I tried non monogamy because my woman wanted a girlfriend and got dumped in less than a year. The most painful part is that I instinctively knew how it would end, even the timeline I suspected was pretty much correct. Yet I agreed because I loved her and doubted that maybe I'm just being pessimistic. We also lived together and I was a father figure to her child more so than the kid's bio dad. I didn't want to lose my family. We had issues in the relationship considering intimacy. I kind of suspected that she is just gay and she did say multiple times that she wants feminine touch.
Last spring we agreed to try and she chatted with women on apps and went on a date even. I had the apps too but in all honesty I was not interested in meeting anyone. It was nice ego boost to get likes but that's it.

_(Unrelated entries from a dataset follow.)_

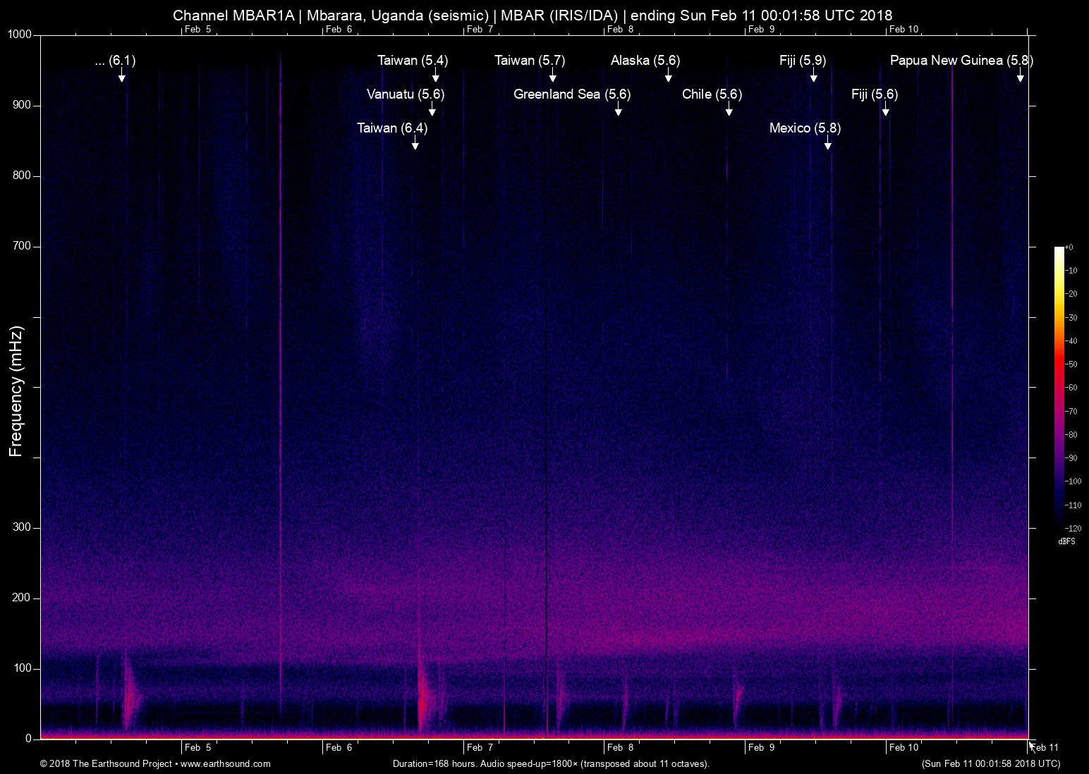 Sun Feb 4 13:56:42 2018 6.1 121.68 24.16 6 Taiwan (21km NNE of Hualian, Taiwan)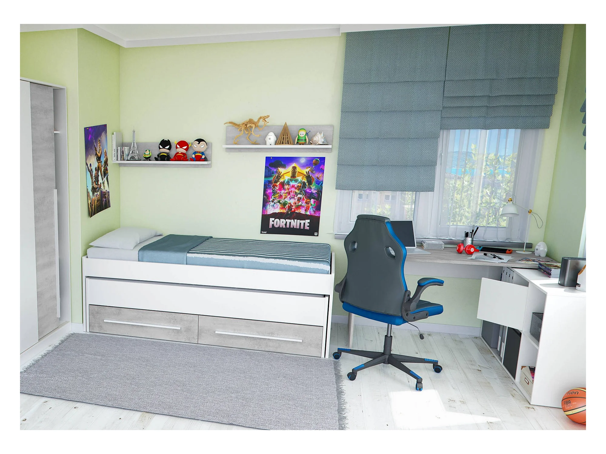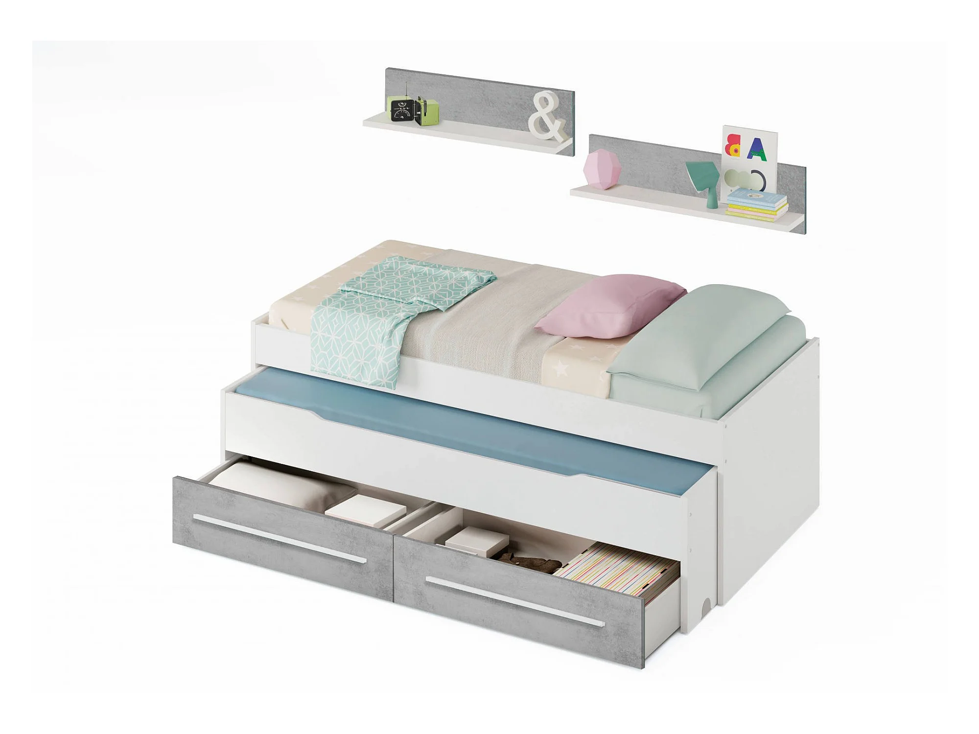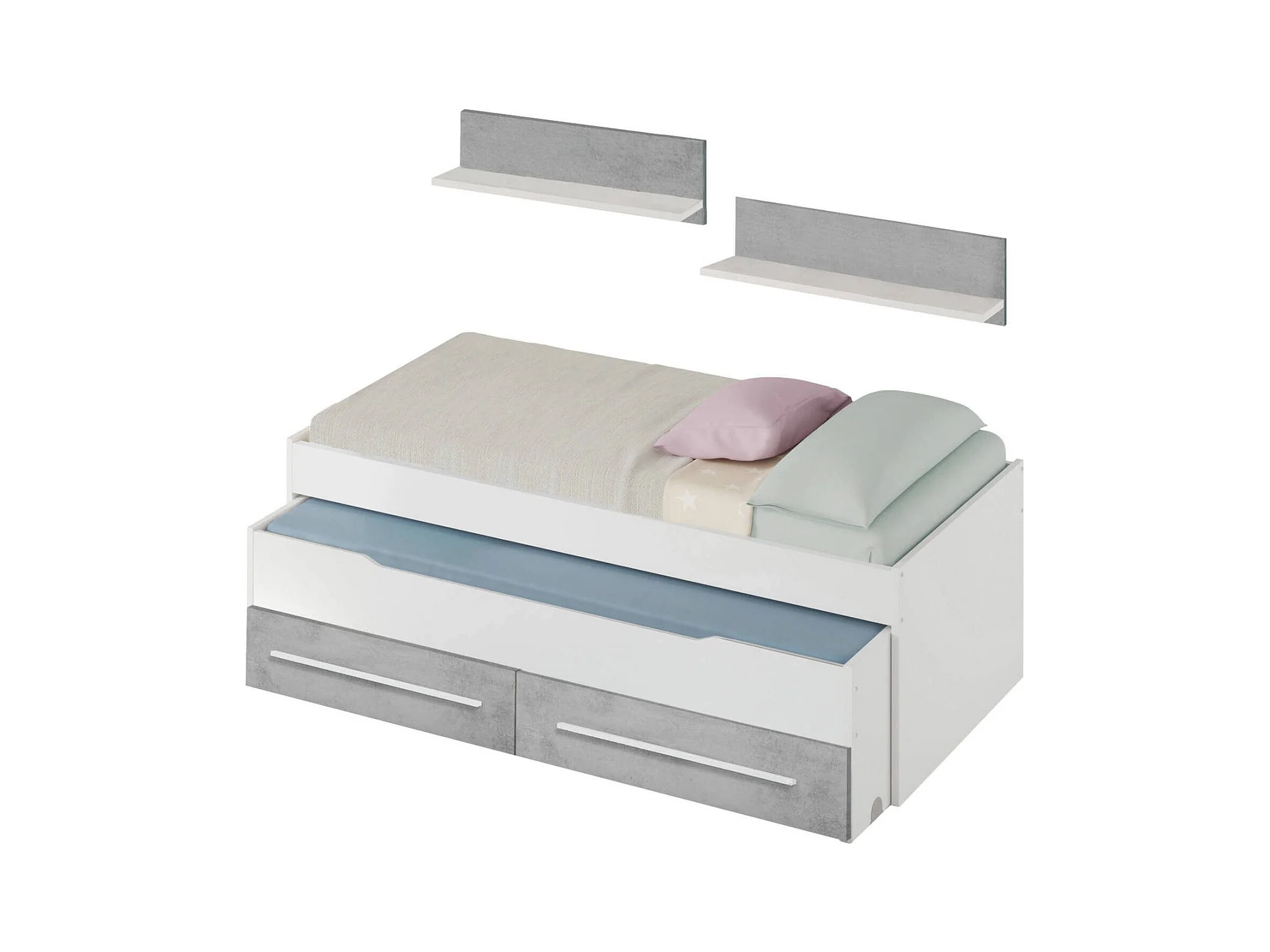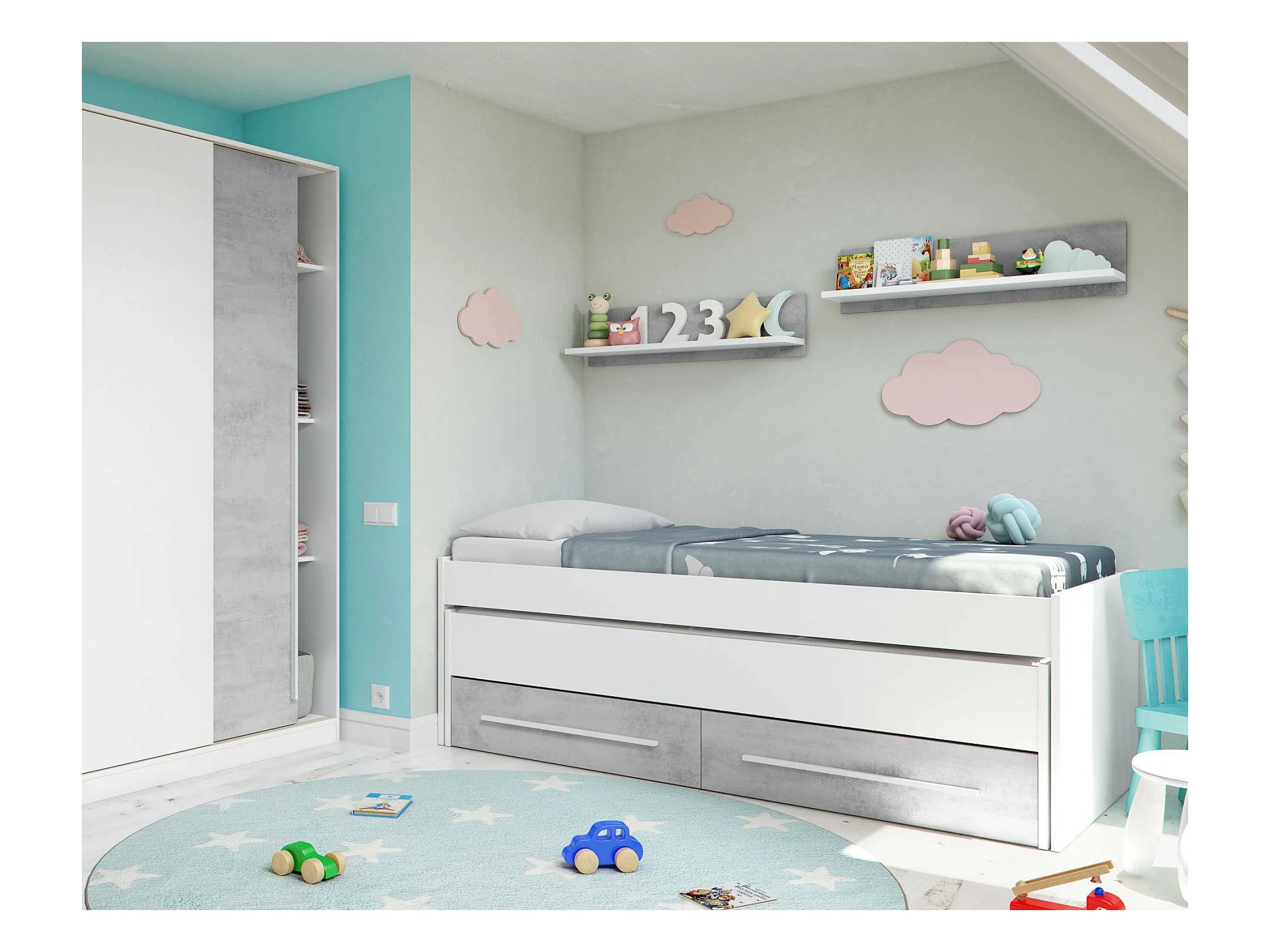 Lit simple Fairfield, Cadre de lit pour chambre, Lit simple avec lit extractible et 2 tiroirs et étagère, 199x96h65 cm, Blanc et Ciment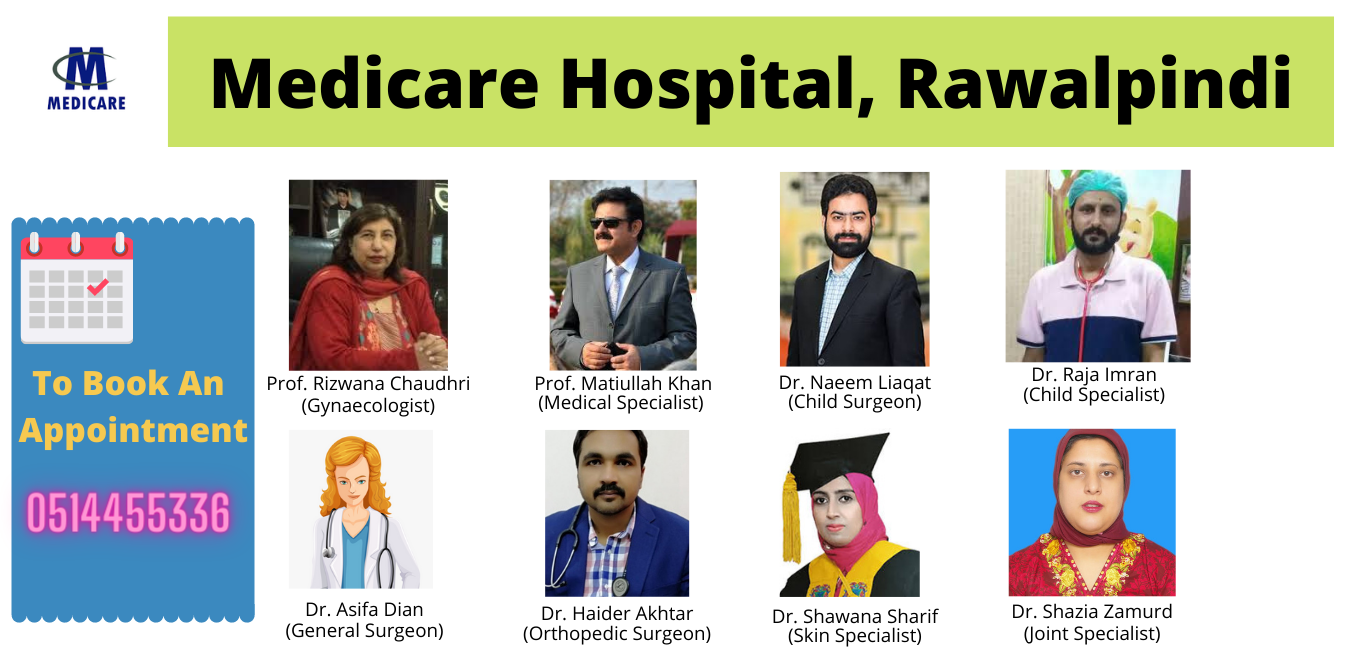 It is located at Saidpur Road, Satellite Town, Rawalpindi. The Medicare Hospital Contact number is 0514455336.

Then last summer her and a woman from her friend group got more intimate and in a few weeks time their relationship became romantic. It was tough for me but I managed as temporarily me and my partner's relationship seemed going well too. Ehich is also something I anticipated to happen initially. Then over the course of next months she started missing her new partner more and more and by winter she was spending every weekend at her place. And being mentally absent when at home.
It's been a little over 2 months after we moved apart and a bit longer than that when she said she wants us to be only friends for now. She even admitted that I was correct with my hunch on how things would go.
The full magnitude of this tourmenting months long break up is finally now starting to hit me. I am disappointed in myself for not listening to my intuition and leaving her the second she proposed non monogamy. I know this pain has lessons in it that I need to learn.. to not put my happiness and needs aside in order to keep someone. But man this sucks right now!
I can't even cut contact because I am still present in her kid's life. Seeing her glowing and thriving is painful. It really seems that she is over me. She did say a couple times she misses chatting nonsense with me.. called me even only to talk although it turned out it was because her partner was with her other partner and her best friend wasn't available. So that kinda left mildly bad taste.. being kinda the spare option again. I think she genuinelly wants to be friends but I'm not there yet.
I have kept our communication strictly about our kid or about sharing our car etc. mandatory things because I'm not over her emotionally and don't want to feed deeper connection because I know she can't give me what I still currently desire of the connection.
On a higher level of conciousness I am honestly happy for her. I can acknowledge the fact that we weren't as compatible as she and her new partner are. On a logical level I know there are more compatible options out there for me as well. But right now I am miserable and crushed.
I feel honestly that my ex was just too afraid to ends things with me and pursue dating women. And I was too afraid to lose her so I agreed to toss my own needs aside.
This experience made me realize that poly truly is not for me. I am wired to love one person romantically at a time and I expect to get the full bread instead of breadcrumbs in return.
I made the decision to date myself now. I've been too focused on romantic relationships my whole twenties and after this one I'm really done running after women. The right one will come if it is bound to happen when I focus on myself.